Mathiasson, M. E. and S. M. Rehan "Wild bee declines linked to 
plant-pollinator network changes and plant species introductions." 2020. 
Insect Conservation and Diversity n/a(n/a).
     The mutualistic interactions of plant-pollinator networks provide 
myriad economic, ecological, and cultural constituents without which 
there would be severe environmental and societal consequences. 

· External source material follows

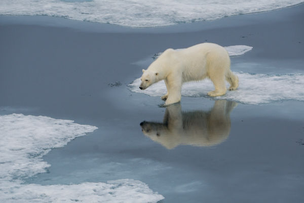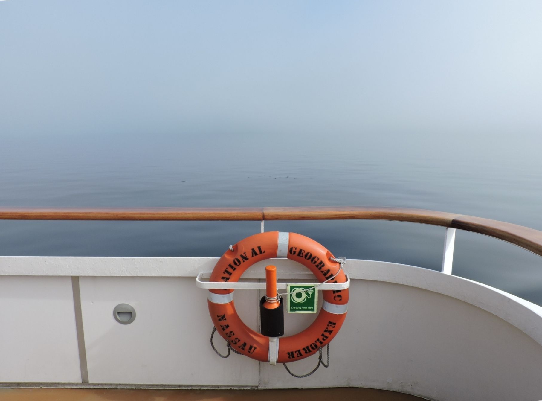 National Geographic Explorer spent a beautiful day at sea heading from Greenland towards Baffin Island. This took us across Davis Strait, named for John Davis who discovered this huge waterway while searching for a Northwest Passage route during three expeditions in the 1580s. Our morning in Davis Strait was like sailing in a millpond. Not a ripple could be seen, except for our very regular and symmetrical wake, which spread out behind the ship.

Plant-pollinator networks are becoming increasingly vulnerable to 
disturbance through intensifying anthropogenic land use and climate 
change. Wild bees are central to pollination and documenting unique 
regional interactions between wild bees and floral hosts provides 
powerful insights into local ecology and biodiversity in addition to the 
potential to detect temporal network variation. This study characterises 
the changes in a northern New England wild bee plant-pollinator network 
over the past 125 years and reveals a striking increase in exotic bee 
and plant taxa over time. Here we document that declining wild bee 
species have historic ties to threatened and endangered plant species. 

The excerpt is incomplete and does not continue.